Given information:
#####

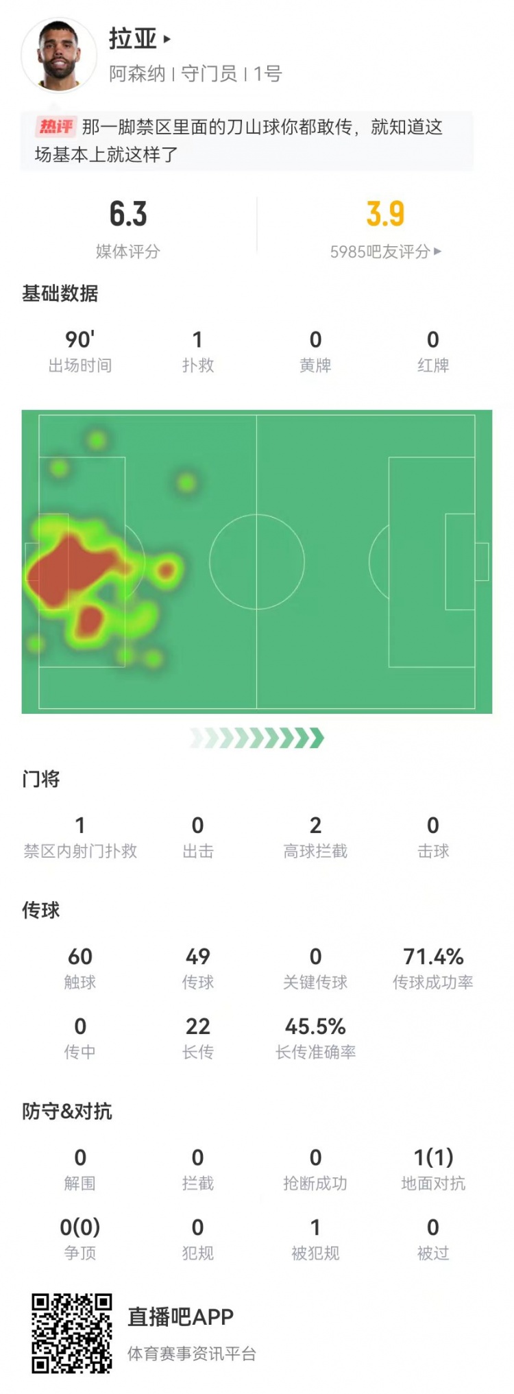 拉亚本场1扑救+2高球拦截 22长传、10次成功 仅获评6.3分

#####

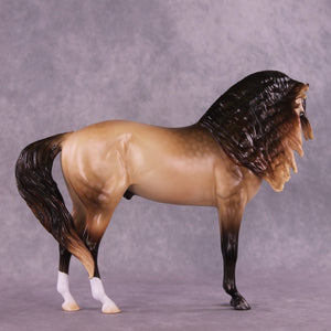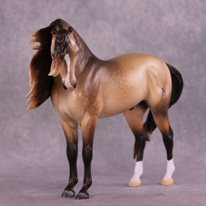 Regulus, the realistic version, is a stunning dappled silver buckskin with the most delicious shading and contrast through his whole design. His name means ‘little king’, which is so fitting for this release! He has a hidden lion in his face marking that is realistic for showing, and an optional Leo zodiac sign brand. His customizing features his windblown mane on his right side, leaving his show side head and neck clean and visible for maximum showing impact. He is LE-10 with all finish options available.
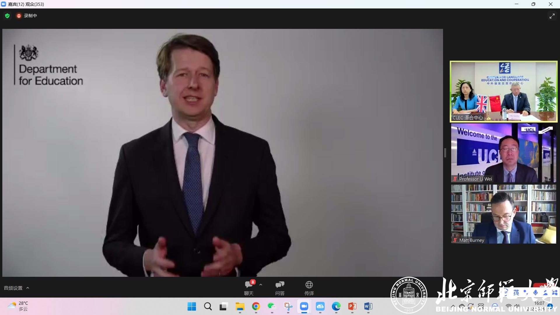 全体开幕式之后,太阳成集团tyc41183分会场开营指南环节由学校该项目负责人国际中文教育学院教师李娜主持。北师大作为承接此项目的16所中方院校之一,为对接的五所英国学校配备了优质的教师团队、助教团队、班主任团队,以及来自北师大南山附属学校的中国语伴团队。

#####

Your instructions: Using the entries above, repeat exactly the lines from the one with "Regulus, the realistic" to the one with "全体开幕式之后,太阳成集团t", both included, and leave the pictures behind.

Finished exercise:
 Regulus, the realistic version, is a stunning dappled silver buckskin with the most delicious shading and contrast through his whole design. His name means ‘little king’, which is so fitting for this release! He has a hidden lion in his face marking that is realistic for showing, and an optional Leo zodiac sign brand. His customizing features his windblown mane on his right side, leaving his show side head and neck clean and visible for maximum showing impact. He is LE-10 with all finish options available.
 全体开幕式之后,太阳成集团tyc41183分会场开营指南环节由学校该项目负责人国际中文教育学院教师李娜主持。北师大作为承接此项目的16所中方院校之一,为对接的五所英国学校配备了优质的教师团队、助教团队、班主任团队,以及来自北师大南山附属学校的中国语伴团队。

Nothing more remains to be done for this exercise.